§ BRIEF
Using the material below, repeat exactly the lines from the one with "Es así como" through the one with "Colour Hunting print'Moving", ends included, without any images.

§ DATA
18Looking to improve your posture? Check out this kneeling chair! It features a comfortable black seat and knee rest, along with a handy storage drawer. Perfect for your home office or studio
==
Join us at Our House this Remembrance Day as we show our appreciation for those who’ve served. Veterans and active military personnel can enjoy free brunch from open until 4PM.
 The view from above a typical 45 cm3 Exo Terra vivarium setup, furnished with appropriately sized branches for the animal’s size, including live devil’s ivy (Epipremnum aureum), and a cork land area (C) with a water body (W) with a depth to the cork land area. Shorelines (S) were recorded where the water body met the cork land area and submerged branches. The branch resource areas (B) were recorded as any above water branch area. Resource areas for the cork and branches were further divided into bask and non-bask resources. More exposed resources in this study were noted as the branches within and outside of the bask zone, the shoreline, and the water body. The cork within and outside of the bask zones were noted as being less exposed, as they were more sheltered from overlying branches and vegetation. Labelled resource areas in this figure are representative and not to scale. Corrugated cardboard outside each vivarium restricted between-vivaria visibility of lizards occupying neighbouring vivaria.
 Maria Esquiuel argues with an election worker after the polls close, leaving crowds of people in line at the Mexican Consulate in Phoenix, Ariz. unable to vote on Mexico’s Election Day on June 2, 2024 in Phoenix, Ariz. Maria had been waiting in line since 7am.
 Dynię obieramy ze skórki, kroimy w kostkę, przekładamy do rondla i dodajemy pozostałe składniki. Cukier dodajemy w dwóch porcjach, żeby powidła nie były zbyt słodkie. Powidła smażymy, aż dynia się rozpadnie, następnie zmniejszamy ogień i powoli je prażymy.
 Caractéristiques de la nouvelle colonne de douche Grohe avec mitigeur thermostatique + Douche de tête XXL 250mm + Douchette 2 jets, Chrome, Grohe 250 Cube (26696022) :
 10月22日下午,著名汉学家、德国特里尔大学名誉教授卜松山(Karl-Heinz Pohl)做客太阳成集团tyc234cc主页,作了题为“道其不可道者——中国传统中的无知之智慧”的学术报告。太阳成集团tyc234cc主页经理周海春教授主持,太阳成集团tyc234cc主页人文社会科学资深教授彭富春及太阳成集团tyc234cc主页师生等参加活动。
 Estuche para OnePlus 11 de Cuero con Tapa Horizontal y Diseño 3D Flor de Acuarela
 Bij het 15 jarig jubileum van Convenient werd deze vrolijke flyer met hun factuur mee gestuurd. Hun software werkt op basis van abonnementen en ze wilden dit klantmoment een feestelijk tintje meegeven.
==
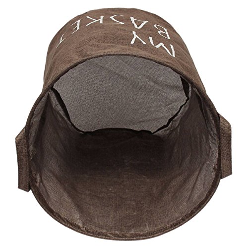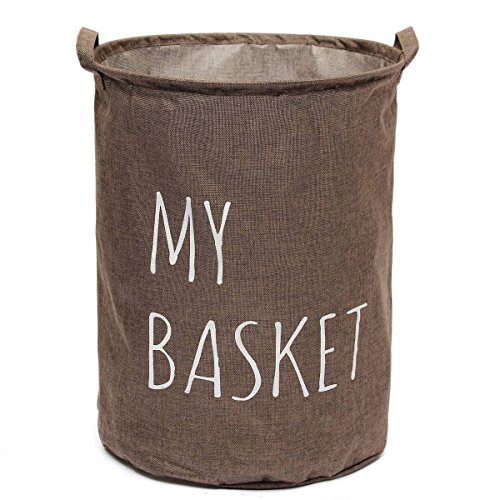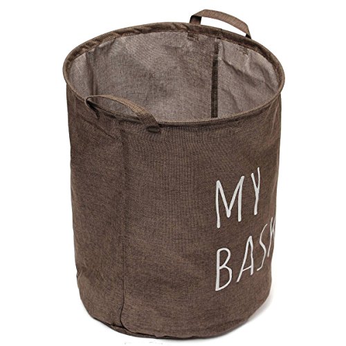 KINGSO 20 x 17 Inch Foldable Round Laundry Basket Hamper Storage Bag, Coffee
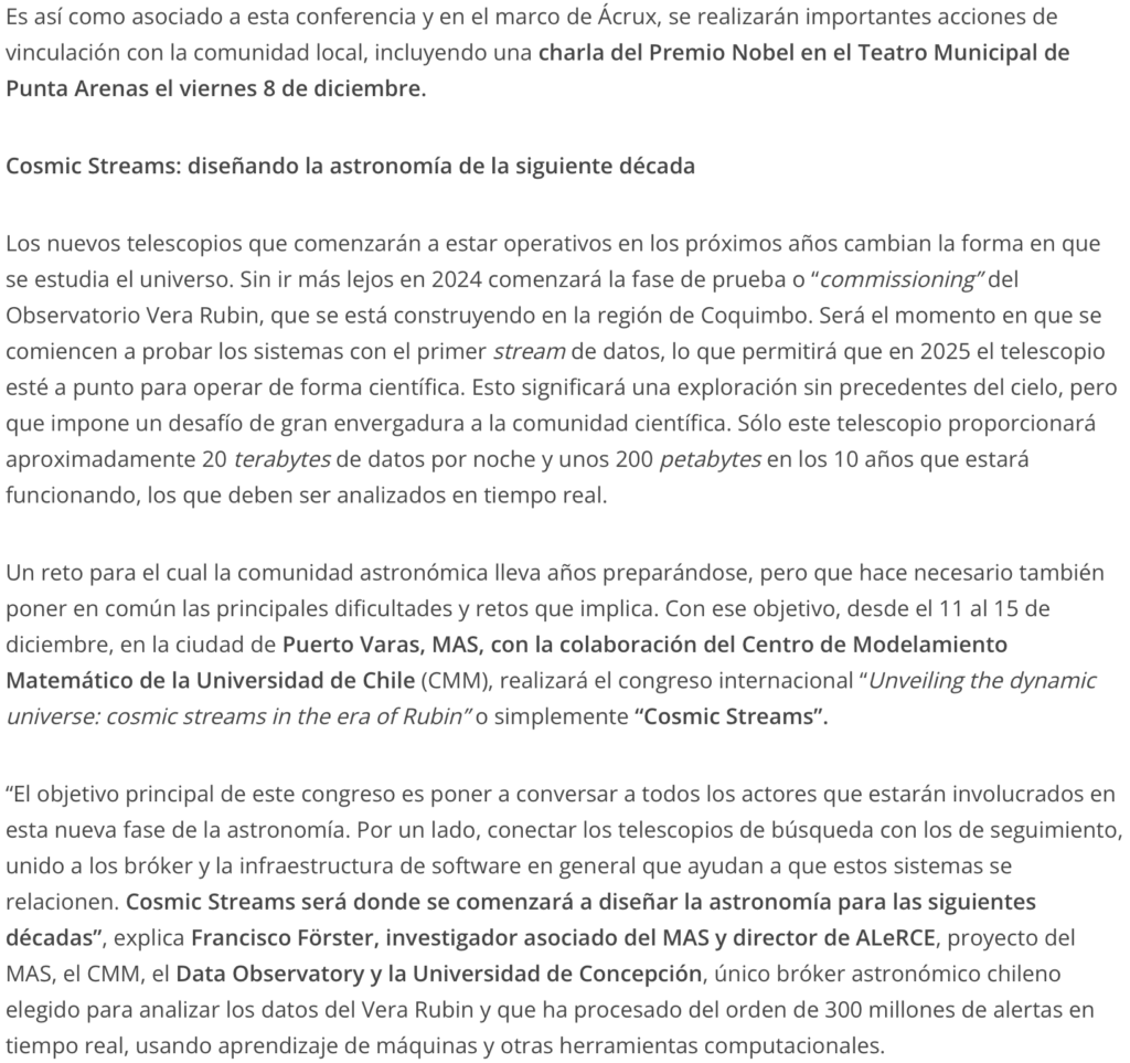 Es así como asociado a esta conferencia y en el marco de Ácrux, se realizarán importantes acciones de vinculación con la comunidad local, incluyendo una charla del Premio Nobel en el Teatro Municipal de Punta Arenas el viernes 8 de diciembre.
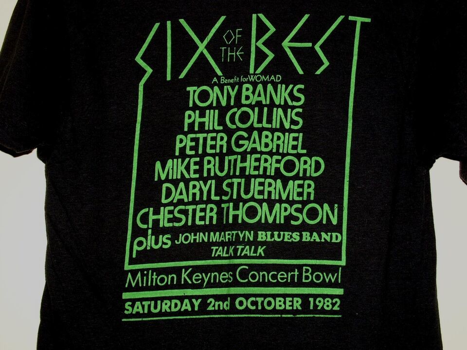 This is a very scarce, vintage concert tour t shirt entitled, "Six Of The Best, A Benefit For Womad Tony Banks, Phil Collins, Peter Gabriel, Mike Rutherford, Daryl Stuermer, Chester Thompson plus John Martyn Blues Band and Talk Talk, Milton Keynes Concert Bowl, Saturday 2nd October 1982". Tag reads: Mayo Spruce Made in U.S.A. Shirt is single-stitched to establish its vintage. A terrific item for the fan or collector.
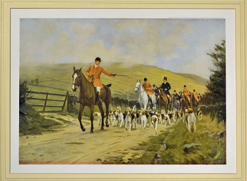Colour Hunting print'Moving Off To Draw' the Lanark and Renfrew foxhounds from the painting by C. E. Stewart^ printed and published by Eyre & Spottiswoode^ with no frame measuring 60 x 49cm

§ ANSWER SPACE
 Es así como asociado a esta conferencia y en el marco de Ácrux, se realizarán importantes acciones de vinculación con la comunidad local, incluyendo una charla del Premio Nobel en el Teatro Municipal de Punta Arenas el viernes 8 de diciembre.
 This is a very scarce, vintage concert tour t shirt entitled, "Six Of The Best, A Benefit For Womad Tony Banks, Phil Collins, Peter Gabriel, Mike Rutherford, Daryl Stuermer, Chester Thompson plus John Martyn Blues Band and Talk Talk, Milton Keynes Concert Bowl, Saturday 2nd October 1982". Tag reads: Mayo Spruce Made in U.S.A. Shirt is single-stitched to establish its vintage. A terrific item for the fan or collector.
Colour Hunting print'Moving Off To Draw' the Lanark and Renfrew foxhounds from the painting by C. E. Stewart^ printed and published by Eyre & Spottiswoode^ with no frame measuring 60 x 49cm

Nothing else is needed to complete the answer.